Tak seperti biasanya, pagi ini aku berangkat ke sekolah sebelum jam tujuh. Setelah memarkir sepeda polygonku, aku menuju kantor dan ngobrol sebentar dengan Bu Rokini, kepala sekolah di tempatku mengajar. Upacara hari senin seperti biasa akan segera di mulai. Aku mendekati beliau.
“Ibu saja ya yang jadi Pembina upacara? Saya tidak siap, saya tidak bisa ngomong, bu,” kataku setengah memohon.
“Bisa.. Sudah bisa jadi guru, pasti kamu bisa jadi pembina upacara. Lagi pula tidak adil jika kamu tidak mendapat giliran,” jawab beliau memberiku semangat.
Memang di sekolahku semua guru harus bergiliran menjadi pembina upacara. Tak kenal guru senior maupun junior, asalkan jabatannya guru, maka ia wajib menjadi Pembina upacara. Oh, no...

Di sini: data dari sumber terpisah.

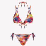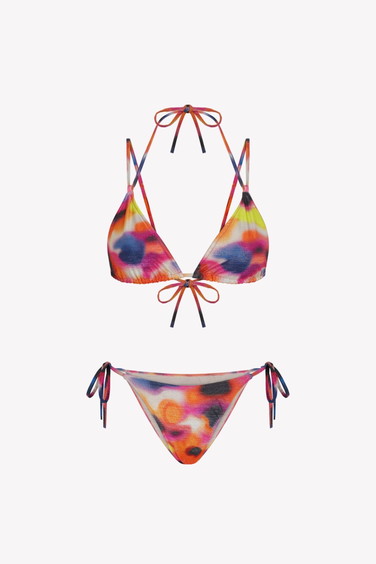 El bikini Lise Gara Calei está realizado en tejido de poliamida reciclada ECOWAVE® y estampación digital sostenible ZEROWATER. Compuesto por top triangular fruncido multiposición con posibilidad de anudar al cuello u hombros y braga normal con lazada. Confeccionado en un print original de Circu de formas órganicas acuareladas con efecto tie-dye, en acabado lúrex.
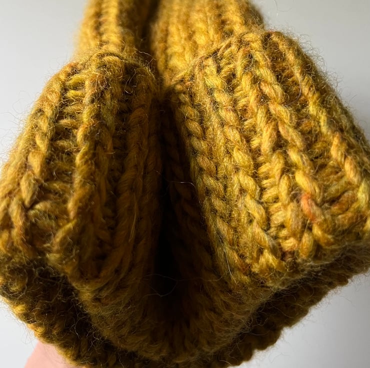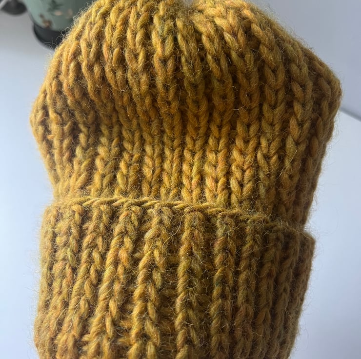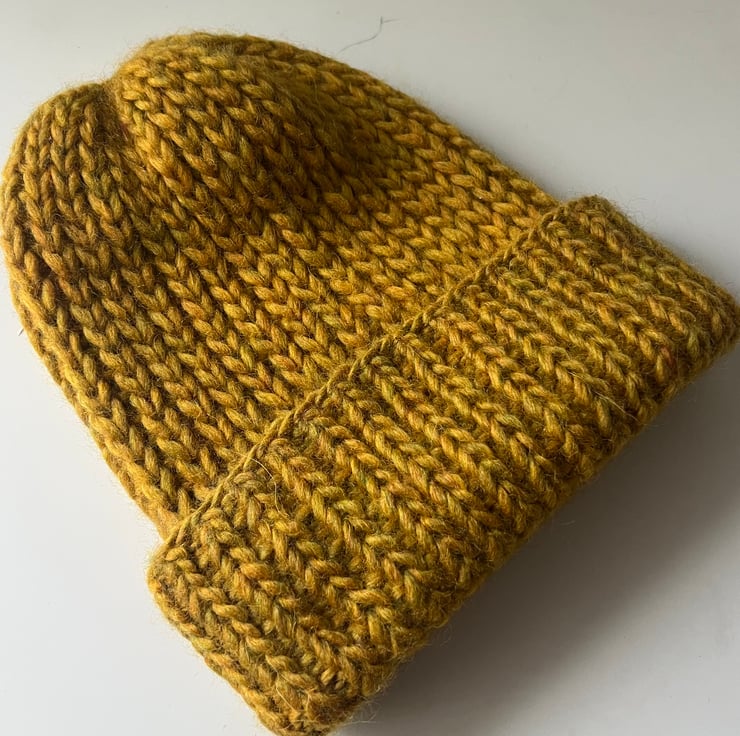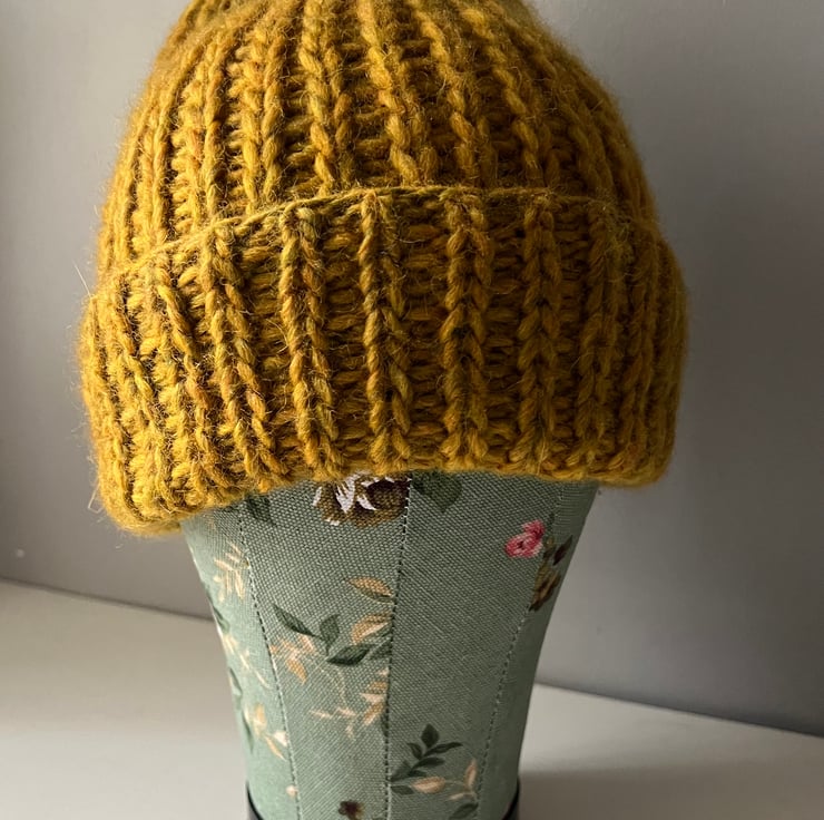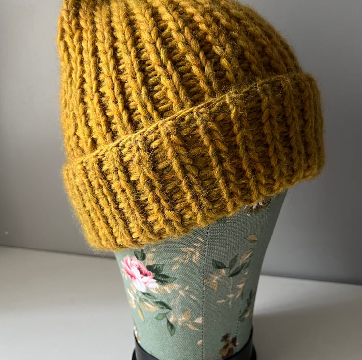 This warm hat is hand-knitted from 100% wool (drops snow yarn), making it perfect for the winter season. The beanie style hat in size 56 cm is designed for women and features a curry colour, adding a touch of vibrancy to your winter wardrobe. Hand wash only at 30 degrees.
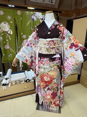 高品質な素材を使用した正絹の振袖は、豪華なデザインと美しさを兼ね備えています。模様が美しく、どんなシーンでも存在感を発揮します。また、着付け小物も一式揃っているので、美容室などに持っていく際にも安心です。

“Trus, saya harus ngomong apa bu. Saya benar belum siap,” kataku sedikit berbohong (hehe). Dari kemarin sabtu aku sudah menghafal poin-poin yang akan aku sampaikan. Insya Allah, aku hafal. Tapi demam panggung nih.
“Seperti biasa aja, belajar. Dua minggu lagi kan Ujian Kenaikan Kelas.”
“ Hm... Baik, bu. Sebisanya saya saja ya, bu.”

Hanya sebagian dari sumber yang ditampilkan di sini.